** The records follows **

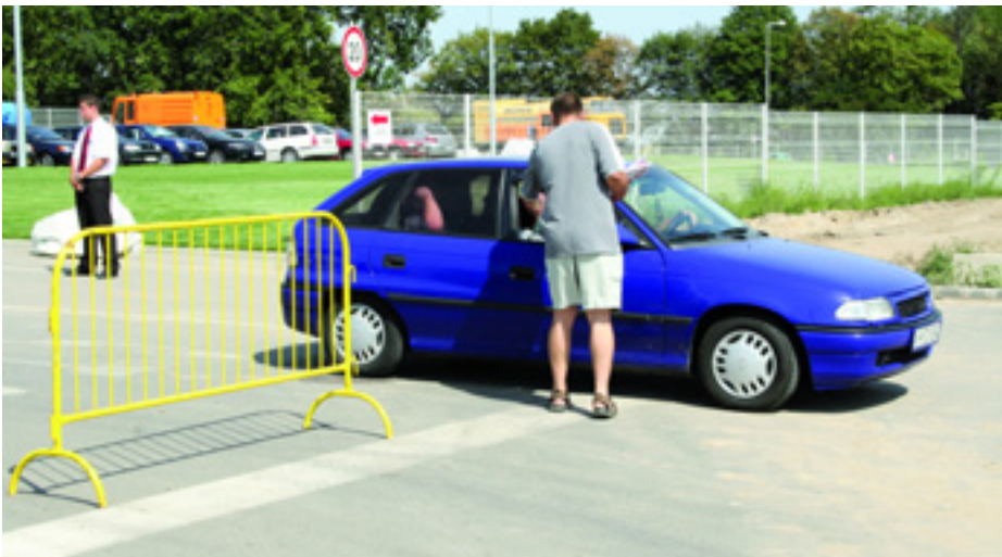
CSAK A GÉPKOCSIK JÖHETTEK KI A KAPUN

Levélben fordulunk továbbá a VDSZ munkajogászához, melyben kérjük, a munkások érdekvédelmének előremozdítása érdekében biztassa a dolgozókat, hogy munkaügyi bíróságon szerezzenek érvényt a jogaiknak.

** End of The records **
** The records follows **

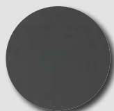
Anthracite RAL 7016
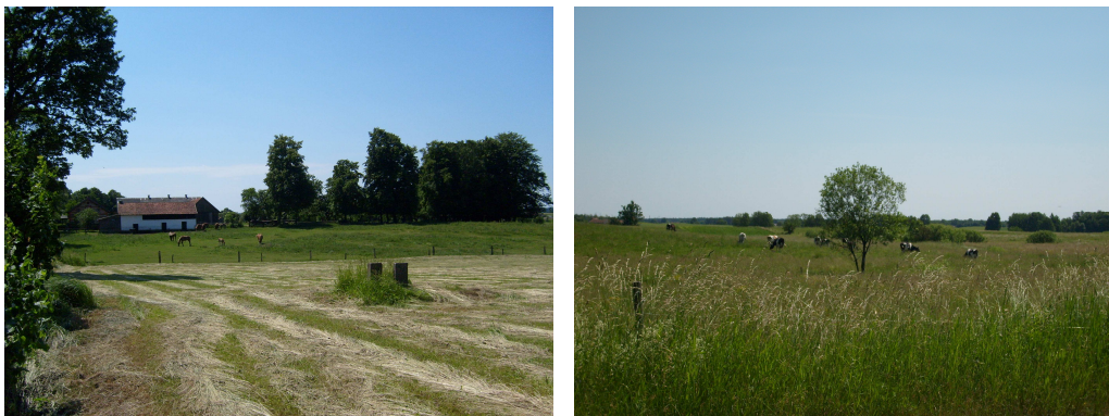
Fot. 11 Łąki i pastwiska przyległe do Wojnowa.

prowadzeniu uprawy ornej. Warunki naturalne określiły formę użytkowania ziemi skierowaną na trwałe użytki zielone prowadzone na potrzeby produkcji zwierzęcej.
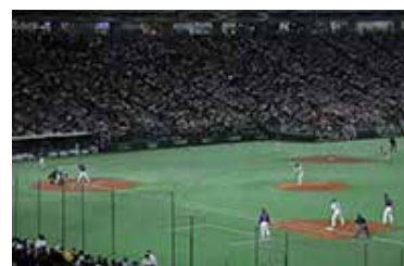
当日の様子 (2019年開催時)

** End of The records **
** The records follows **

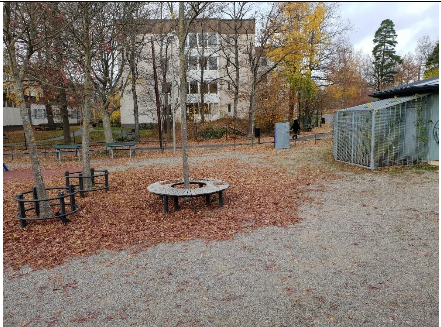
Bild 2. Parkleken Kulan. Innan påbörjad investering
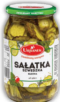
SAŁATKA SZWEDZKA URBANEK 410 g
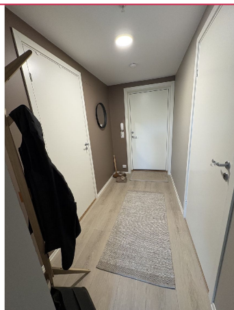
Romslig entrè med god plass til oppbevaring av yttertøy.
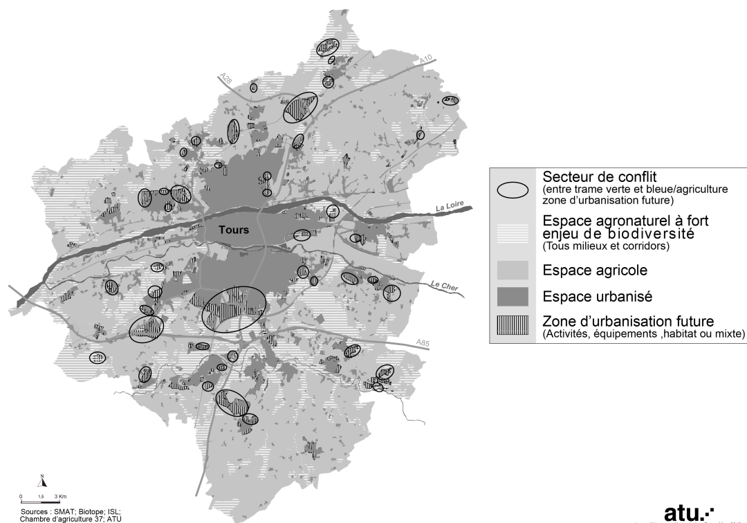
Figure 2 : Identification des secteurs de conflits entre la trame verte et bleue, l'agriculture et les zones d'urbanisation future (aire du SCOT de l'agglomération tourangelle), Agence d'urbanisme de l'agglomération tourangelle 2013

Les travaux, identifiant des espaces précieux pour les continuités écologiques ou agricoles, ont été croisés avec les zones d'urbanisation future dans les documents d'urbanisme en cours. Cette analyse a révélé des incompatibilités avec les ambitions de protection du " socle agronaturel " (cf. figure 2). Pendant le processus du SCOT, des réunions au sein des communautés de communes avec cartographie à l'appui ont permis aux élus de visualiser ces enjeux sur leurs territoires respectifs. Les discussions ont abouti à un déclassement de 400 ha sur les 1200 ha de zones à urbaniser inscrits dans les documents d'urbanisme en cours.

** End of The records **

**Task directions:**
What you give back should be only the lines of the records above, starting at the line with "CSAK A GÉPKOCSIK JÖHETTEK KI A KAPUN" and ending at the line with "Levélben fordulunk továbbá", restated word for word.

**Solution:**
CSAK A GÉPKOCSIK JÖHETTEK KI A KAPUN

Levélben fordulunk továbbá a VDSZ munkajogászához, melyben kérjük, a munkások érdekvédelmének előremozdítása érdekében biztassa a dolgozókat, hogy munkaügyi bíróságon szerezzenek érvényt a jogaiknak.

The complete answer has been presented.